To avoid conflicting with any existing storage classes you have configured we aren’t setting the new storage class as the default. If this is desired see the Kubernetes documentation on changing the default Storage Class for more details.

Step 5: Launch JupyterLab Workspaces

There are two “flavors” of the NetApp Data Science Toolkit:

  • The Traditional (sometimes known as the “Classic”) flavor of the toolkit provides a Python based command line utility and library of functions that simplifies interacting with NetApp storage systems. This version is typically used in bare metal environments, for example if you just SSH to your GPU servers or train on your local machine.
  • The Kubernetes flavor provides similar functionality but can up-level management of storage resources and Kubernetes workloads to the data science workspace level using JupyterLab.

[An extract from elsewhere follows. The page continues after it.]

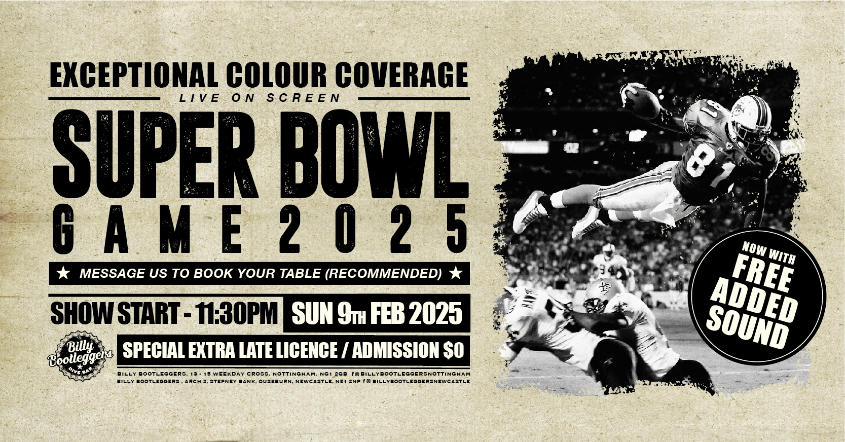 WE'RE SHOWING THE SUPERBOWL LIVE ON BILLY'S BIG TELLY!!!
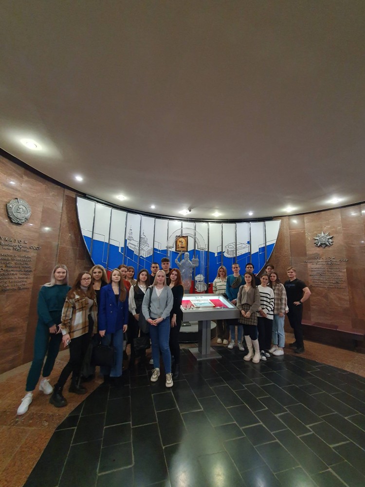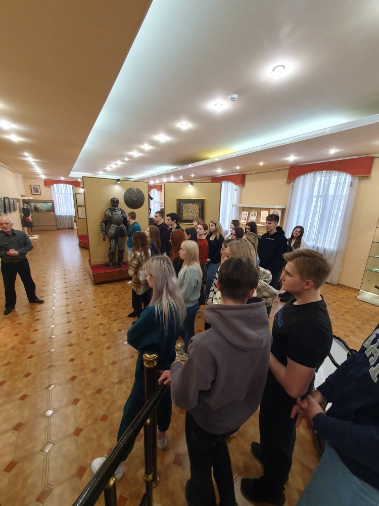 Ибрагимова З.Н. и студенты 2 го курса юридического института с представителем музея прошли по экспозиционным залам, посвященным страницам военной истории Орловского края и участию орловцев в крупнейших военных кампаниях XVIII-начала XX века. Изучили ключевые события в истории края – освобождение области от немецко-фашистских захватчиков во время Великой Отечественной войны. Посетили зал, посвященный участию орловцев в локальных военных конфликтах второй половины XX века. Изучили материалы, посвященные службе уроженцев Орловщины в Афганистане, Китае, Корее, Венгрии, Йемене, Кубе, Вьетнаме, Египте, Сирии, Анголе и других странах, а также участию наших земляков в контртеррористических операциях на территории России и боевых действиях на сопредельных территориях. Студенты познакомились с большой коллекцией стрелкового и холодного оружия разных исторических периодов и с образцами военной техники, размещёнными на площадке перед музеем.

The remainder of this blog post will focus on using the Kubernetes flavor of the toolkit. On the machine where you have kubectl access to Kubernetes perform the following steps:

  1. Run the following one liner to clone the repository, create/activate a new virtual environment, install the required dependencies, set up a gitignore file, and cd to the Kubernetes directory:
    git clone https://github.com/NetApp/netapp-data-science-toolkit.git && cd netapp-data-science-toolkit && python3 -m venv venv/ && source venv/bin/activate && pip3 install ipython kubernetes pandas tabulate && echo -e ".gitignore\nvenv/" >> .gitignore && cd Kubernetes
  2. Now we can use the toolkit to create a new JupyterLab workspace using the BeeGFS storage class we set up earlier. Run the following from the Kubernetes directory replacing workspace with the desired name:
    ./ntap_dsutil_k8s.py create jupyterlab --storage-class=csi-beegfs-dyn-sc --workspace-name=<workspace> --size=1Gi
    Sample Output:
    ./ntap_dsutil_k8s.py create jupyterlab --storage-class=csi-beegfs-dyn-sc --workspace-name=joe --size=1Gi
    Set workspace password (this password will be required in order to access the workspace):

    Re-enter password:Creating persistent volume for workspace...
    Creating PersistentVolumeClaim (PVC) 'ntap-dsutil-jupyterlab-joe' in namespace 'default'.
    PersistentVolumeClaim (PVC) 'ntap-dsutil-jupyterlab-joe' created. Waiting for Kubernetes to bind volume to PVC.
    Volume successfully created and bound to PersistentVolumeClaim (PVC) 'ntap-dsutil-jupyterlab-joe' in namespace 'default'.Creating Service 'ntap-dsutil-jupyterlab-joe' in namespace 'default'.
    Service successfully created.Creating Deployment 'ntap-dsutil-jupyterlab-joe' in namespace 'default'.
    Deployment 'ntap-dsutil-jupyterlab-joe' created.
    Waiting for Deployment 'ntap-dsutil-jupyterlab-joe' to reach Ready state.
    Deployment successfully created.
    Workspace successfully created.

    To access workspace, navigate to http://10.113.72.26:30076Note: When creating JupyterLab workspaces there are a number of additional options including the ability to request GPUs or specify memory/CPU available for the JupyterLab workspace. Those parameters are omitted for brevity, but documented here.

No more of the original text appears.